Of course, as usual, the feelings were never shared, but by my senior year of high school, I was off-and-on self-harming and spending entire days after school or work in bed reading up on suicide and painless ways to end one's life, supplementing my depression with healthy doses of cynicism and misanthropy. The latter two of which, I am glad to say, have long been abandoned. The former of the three which I still practice to this day.

The numbers, of course, are disquieting to myself. The weeks of feeling sad started in 5th grade, at age ten, and the thoughts of suicide started at age 14, in grade 9. That I am now 26 means I have spent 61.5% of my life fighting off endless crying fits, sadness, melancholy, and anxiety, and 46.1% fighting off my own self-destruction. To say that it is wearying would be an understatement.

Alas, it becomes a sort of calculable certainty, then, that something about me is so inherently broken, so inherently unfixable, that I will always be sad. Over the years, many things have changed, from my job, to my school, to my friends, to my hobbies, and yet the feelings have remained relatively steady, with only temporary breaks or lulls, but the firm knowledge, deep down, that the bad times will always return.

It also becomes familiar. It is hard to remember times of happiness, of weeks or months where I'd wake up, and, while not necessarily jump out of bed, feel alright about myself and the day ahead of me, as opposed to wondering if it'd be easier to step in front of a train or a semi-truck. The malaise has lasted for so long that it is, in many ways, all that I know.

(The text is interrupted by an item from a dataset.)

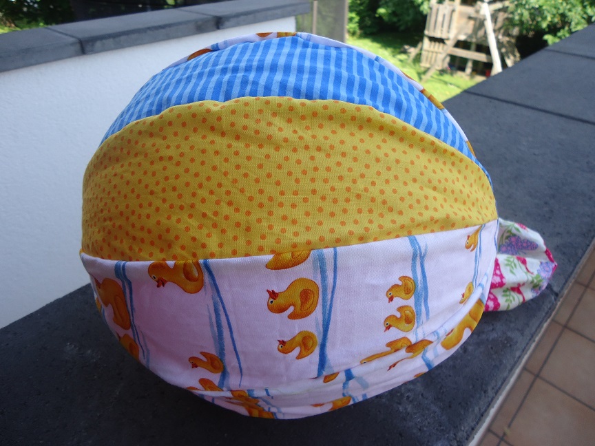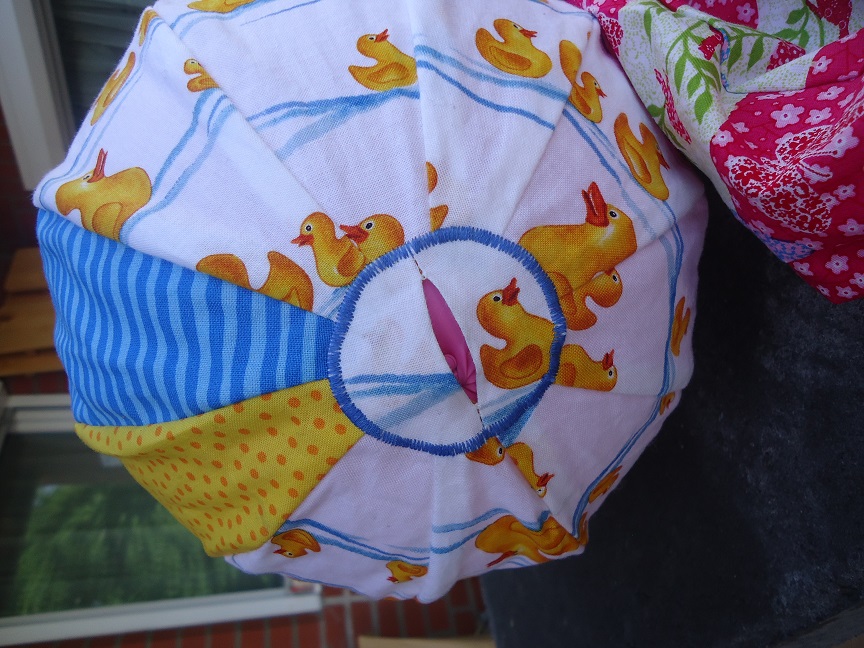 Aus Baumwollstoffen. Durch die Öffnung an einem Ende kann ein Luftballon hineingesteckt, aufgeblasen und das Ende dann verzwirbelt und versteckt werden. So kann man nach dem Spielen die Luft wieder raus lassen, ohne den Ballon kaputt machen zu müssen. Ballon sollte einen Durchmesser von etwa 26 cm haben. |

And tens of thousands of dollars in drugs and therapy and hospitalization has done little to stem the tide, perhaps only so much as doing enough to prevent it from being as bad as it possibly could be.

So I come back to the Four Noble Truths. That we derive our suffering from desire. Perhaps I work too hard at trying to achieve something that I will never achieve. Perhaps the state of my existence is such that I will forever be foiled by the acquisition of just one thing I would really most like in the world. And that my desiring of it only makes things worse. That I need to let go of the desire of this thing, that I need to accept it will never happen, and that I must deal with the hand I have been dealt. But fuck, if it isn't hard to lie down at night and avoid thinking "why can't I have it?" well, I don't know what is. All I desire, right now, is happiness.